Analytical Insights from Subset Evaluations
Analysis across labeled subsets reveals several diagnostic insights:
- Small-object tracking remains the most challenging case for all models; large-masklet videos yield pHOTA scores +29.2 higher than small-masklet samples.
- Occlusion and movement further degrade association metrics; the challenging subset shows a −9.3 pHOTA-Ass drop relative to average.
- Multi-animal scenes are moderately more difficult, but the effect is mitigated by their correlation with larger, more salient masklets.
- Nighttime sequences induce a modest performance decline, but high annotation quality and exhaustive test set labeling prevent significant metric collapse.
Figure 4: Distribution of key masklet-level metrics (size, IoU, occlusion) reveals the broad difficulty spectrum and supports detailed model evaluation.
Figure 5: Representative samples illustrate annotation density and scene complexity, including occlusions, re-identification, large groups, and heavily camouflaged instances.
Implications, Limitations, and Future Prospects
SA-FARI provides a pivotal resource for the training and rigorous evaluation of next-generation MAT systems, especially those seeking to operate in open-world, open-taxonomy ecological monitoring contexts. The demonstrated gains in state-of-the-art models confirm that current approaches underperform substantially on unconstrained data when deprived of diverse, high-quality supervision—SA-FARI directly enables robust improvements and realistic OOD performance measurement.
Nonetheless, the dataset is constrained by its current ecoregional coverage—additional biomes and underrepresented taxa (especially non-mammalian vertebrates and invertebrates) remain relevant expansion targets. While the annotation pipeline is exhaustive for visual data, accompanying audio channels, as well as animal pose, depth, and behavioral descriptors, remain untapped, presenting opportunities for future multi-modal model development.
Figure 6: Video and species distribution across SA-FARI ecoregions emphasizes sampling breadth and site redundancy prevention.
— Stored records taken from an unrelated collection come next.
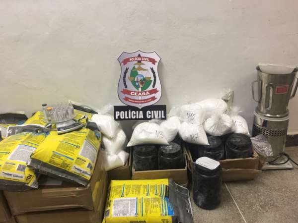 A Polícia Civil do Estado do Ceará (PCCE), por meio de diligências de equipes do 33º Distrito Policial (Goiabeiras), prendeu dois homens suspeitos de distribuir e armazenar 41,4 quilos de mineíta, além de ampolas de lidocaína, substâncias químicas utilizadas para mistura de cocaína. O material foi apreendido com dois suspeitos, que já tinham passagem pela Polícia. A ação policial se desenvolveu na última segunda-feira (18).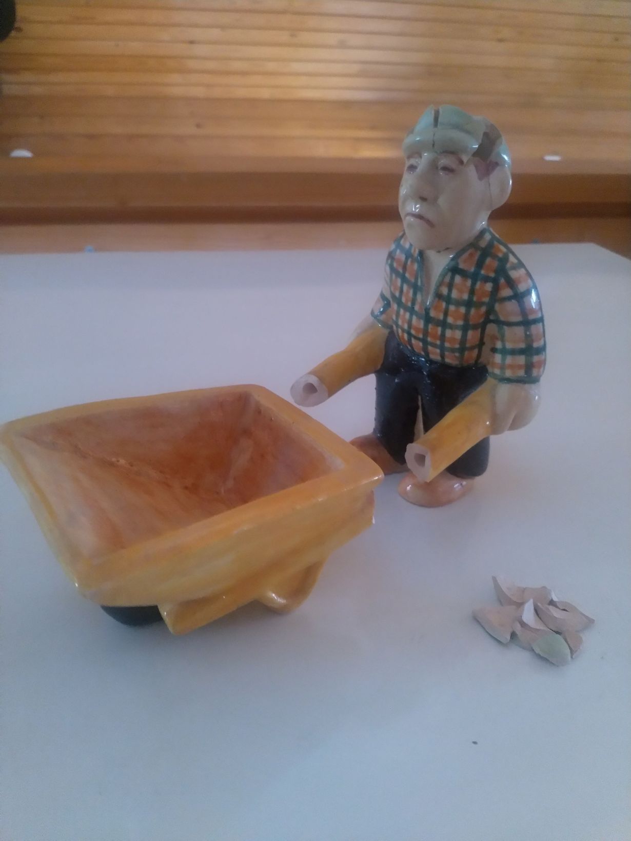 Isoisältä peritty Kupittaan Saven Kottikärryjä työntävä Ukko. Esine on minulle tärkeä, Ukko muistuttaa niin omaa pappaani pihamaallaanTurussa.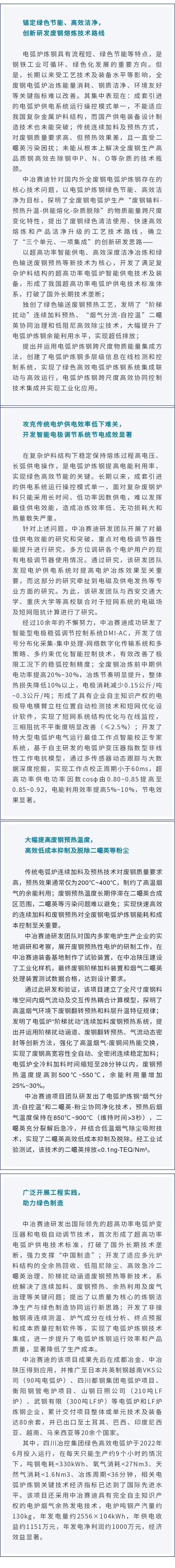 针对国内外全废钢电弧炉在炼钢生产过程中能量消耗高、质量不稳定、二噁英污染等重大关键问题,中冶赛迪历经10余年协同创新,研发了超高功率智能供电、高效深度洁净冶炼、绿色输送废钢预热和高效协同控制集成等绿色高效电弧炉炼钢技术,技术指标达到国际先进水平,在超高功率智能供电和高效深度洁净冶炼方面国际领先,并在国内外广泛推广应用。2020年,中冶赛迪牵头申报的“绿色高效电弧炉炼钢技术与装备的开发应用”项目获得国家科学技术进步奖二等奖。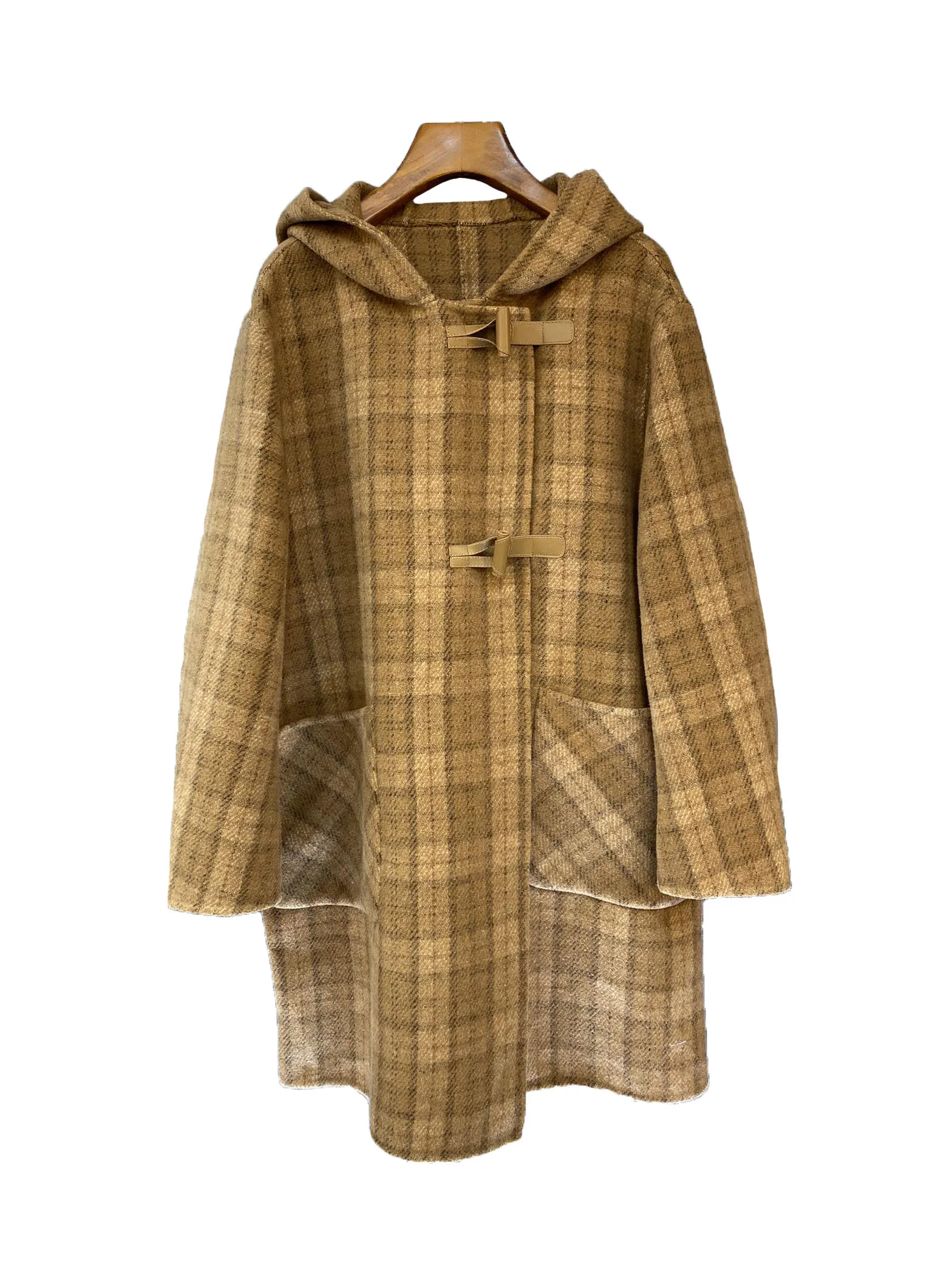 Твидовая куртка с капюшоном, длинный свободный крой, с пуговицами-рогами, теплый и удобный дизайн, новинка зимы 2023, 1212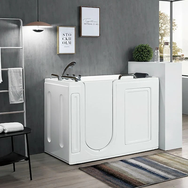 Vasca da bagno con sportello completa di rubinetteria,cuscino poggiatesta e maniglioni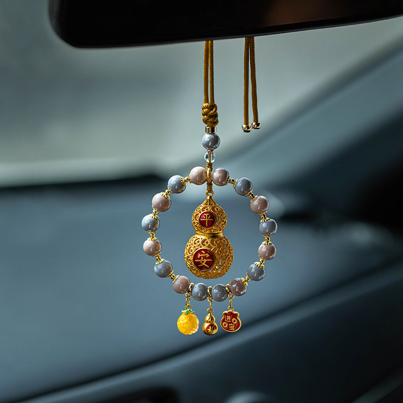 朴房平安福禄葫芦汽车挂件精美陶瓷串珠创意高档女后视镜吊坠挂饰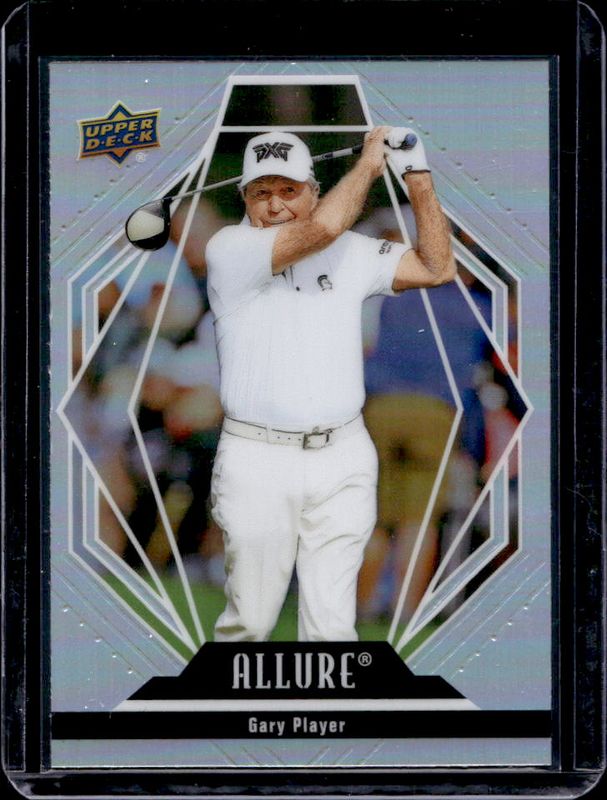 The Gary Player 2024 Upper Deck Portfolio #A-GP Allure card is 1 of 57 Gary Player's card variations in the 2024 Upper Deck Portfolio set being tracked by Sports Card Investor, including Base, Black & White Portrait, Color Portraits, Wire Photos, and Allure Black Rainbow Parallel.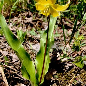 キバナカタクリ(黄花片栗) *ユリ科カタクリ属 花期は3〜4月 本来は、北アメリカの亜高山帯に分布しますが、日本には園芸用として持ち込まれています。 日本に自生するカタクリと同様で、春の短い期間だけあらわれるスプリングエフェメラルです❗️ 4月28撮影 仙台市秋保大滝植物園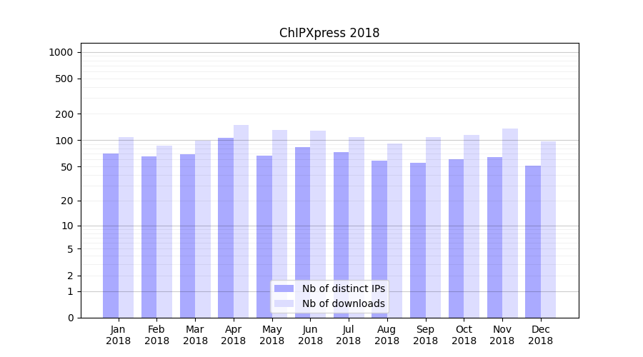 Number of downloads for software package ChIPXpress, year by year, from 2025 back to 2014 (years with no downloads are omitted):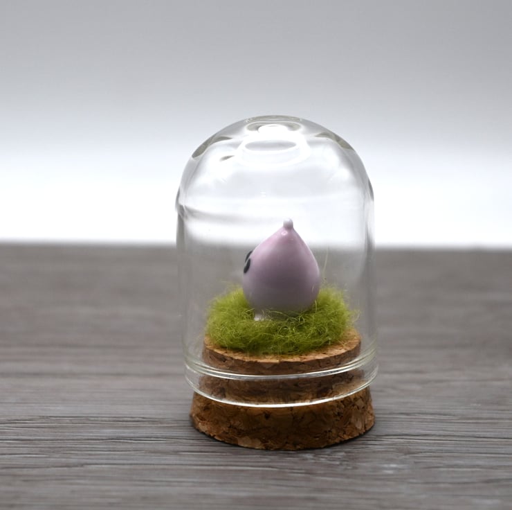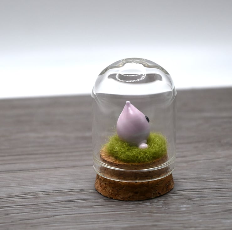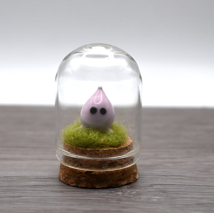 A small glass cloche jar with a cork bottom.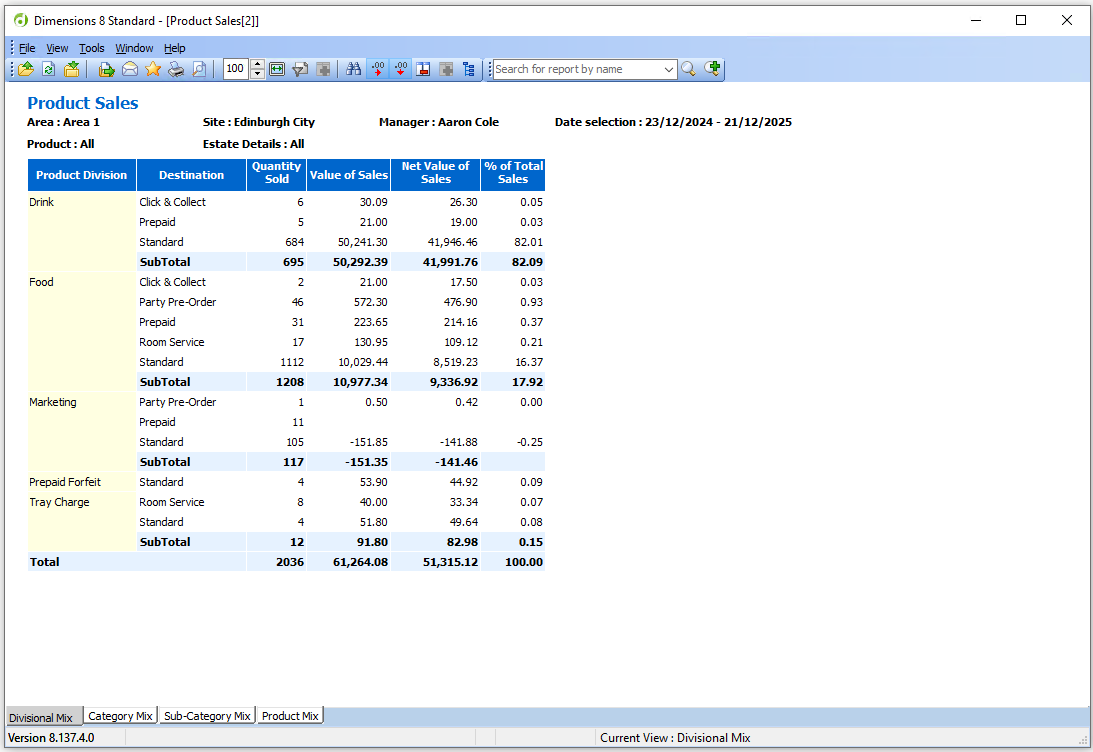 Divisional Mix | Category Mix | Subcategory Mix | Product Mix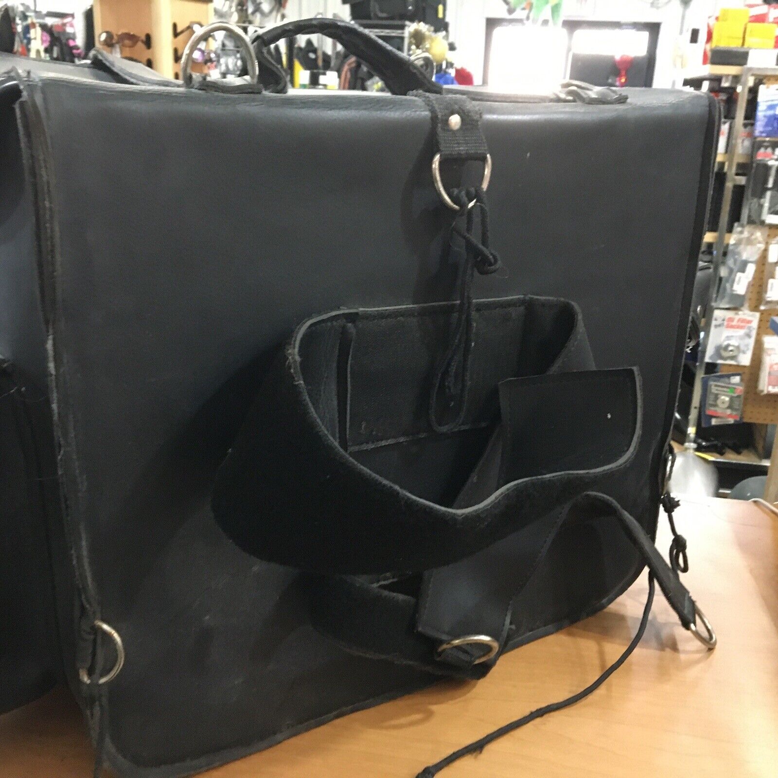 Condition is used. The strap on top is only held on by 2 rivets it has come loose. Has 2 side pouches and 1 front pouch also has rain cover. Measures 27” overall length, 16” height, width 9”. Buyer is responsible for fitment and applications no returns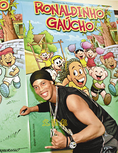 今年榮膺「雙料足球先生」的巴西球星朗拿甸奴,日前趁西甲賽事歇冬期間返回祖國,在巴西南部城市為一本以自己為題材的漫畫《Ronaldinho Gaucho》進行宣傳。圖為朗拿甸奴與漫畫中的朗拿甸奴合照。 路透社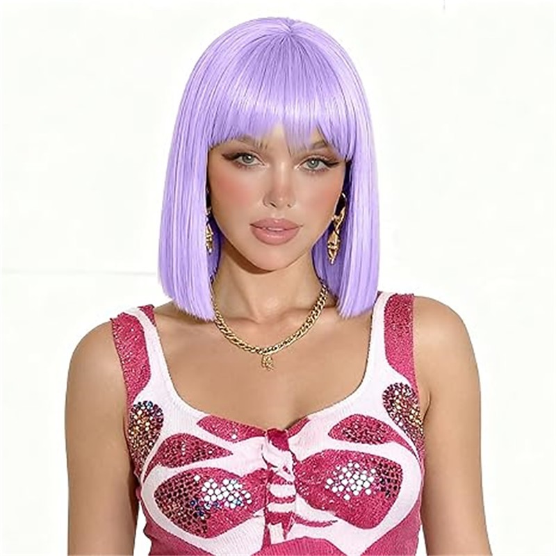 Blue Wig Short Straight Blue Bob Wig With Bangs10 Inch Synthetic Color Wigs For Women Natural Looking Costume Hair For Daily Party Cosplay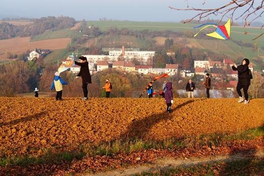 V neděli odpoledne se na kopci nad Traplicemi sešla spousta příznivců létání. A i když počasí bylo ideální na setkání u čaje, co se týkalo drakiády, moc nám nepřálo - vítr se ani nehnul. Přesto jsme toho při pokusech, jak dostat draka vzhůru, spoustu naběhali a nasmáli se. Kdo chtěl, měl možnost si nechat od šikovných deváťaček pomalovat obličej a všichni si kromě sladkostí odnesli i upomínkový list.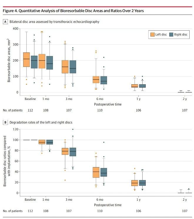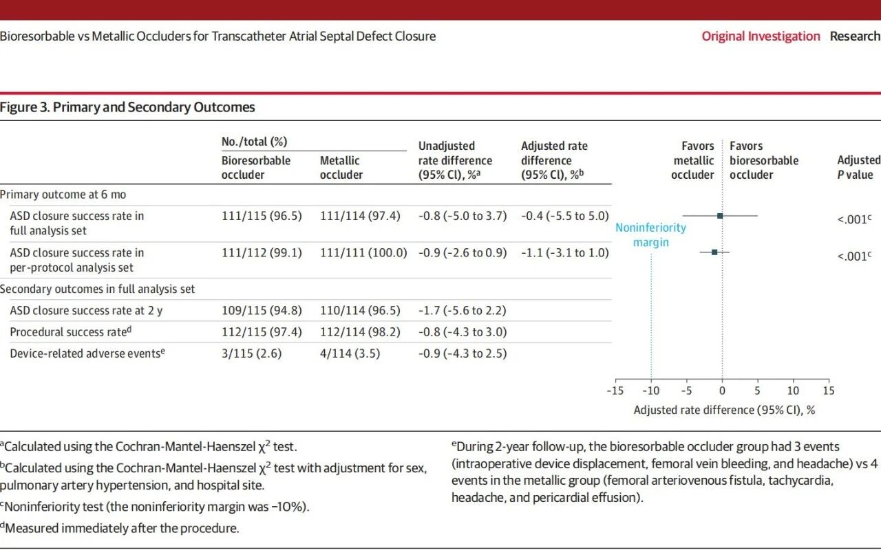 生物可降解封堵器在房间隔缺损封堵中不劣于金属封堵器,且在两年内实现近乎完全降解。这些发现表明,生物可降解封堵器可为经导管房间隔缺损封堵提供一种有价值的创新选择。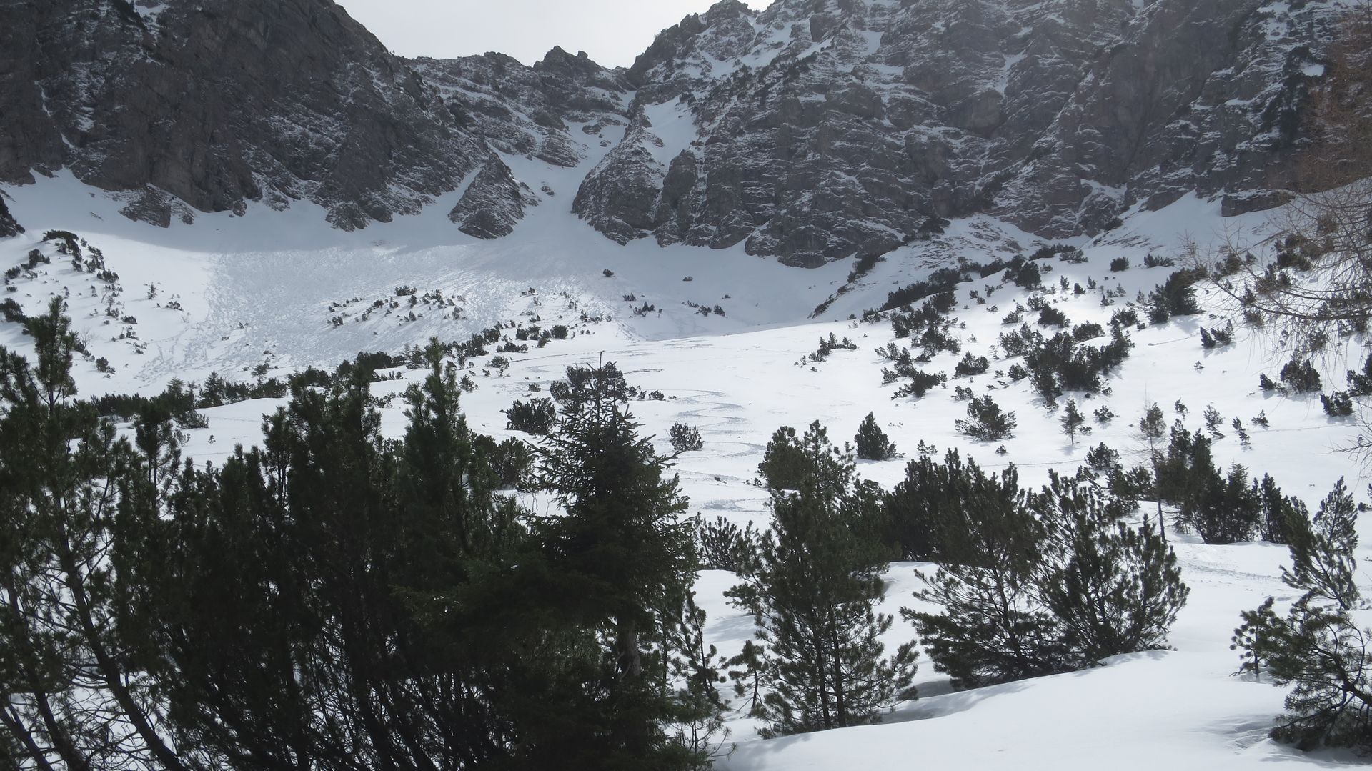 Nochmals angefellt und in Aufstiegsrichtung ins linke Westkar hoch bis zur beginnenden Verengung bei ca. 1640m. Die bis dahin makellose Schneeoberfläche wurde in wenigen Minuten durch zahlreiche, von oben aus der Rinne kommenden Neuschneeboller gespickt, so dass es höchste Zeit für die Abfahrt wurde. Sehr schöner, wenn auch etwas schwer zu fahrender Schnee.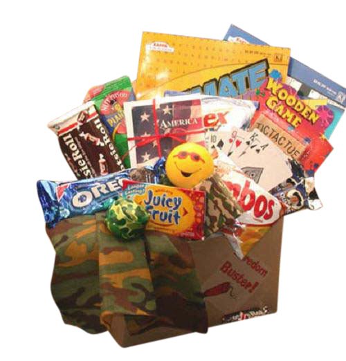 The Boredom Buster is a gift basket of snacks, games, puzzles and more to help pass the time.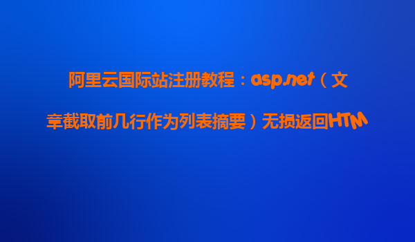 阿里云国际站注册教程:ASP.NET
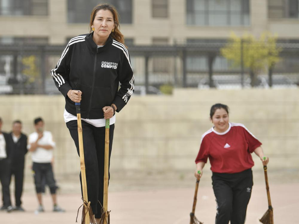 柔鲜古丽在于田县先拜巴扎农牧民运动场参加高脚竞速比赛。新华社记者 胡虎虎 摄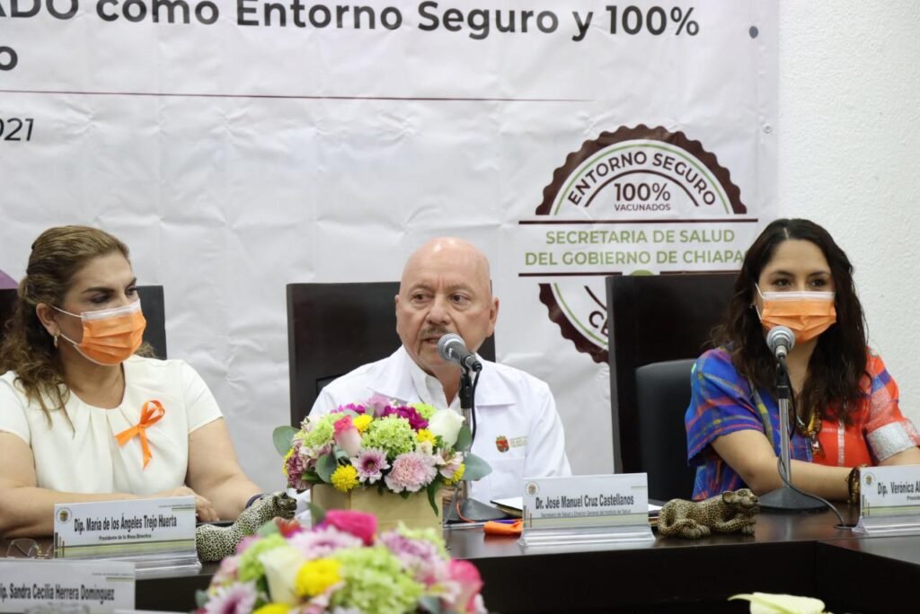 Por su parte, la presidenta de la Mesa Directiva del Congreso del Estado, María de los Ángeles Trejo Huerta, reiteró el compromiso de miembros y trabajadores del Poder Legislativo en materia de prevención de COVID-19 y otras enfermedades, para que el estado de Chiapas sea un entorno seguro y saludable.

Figure 7: Ranked visualization of video contributions per sampling location, indicating strong geographic dispersion and split integrity.
Conclusion
SA-FARI establishes a new standard in open-source MAT datasets for wildlife computer vision, setting benchmarks with unprecedented scale, annotation rigor, taxonomic breadth, and ecological realism. It underlines the critical need for diverse, expertly validated training data to close the gap between laboratory metrics and real-world deployment in conservation technology. As the field advances, further integration of underrepresented regions, multi-modal signals, and fine-grained behavioral annotation—alongside synthetic and semi-automatic augmentation strategies—will be instrumental in constructing truly generalizable AI for large-scale biodiversity monitoring.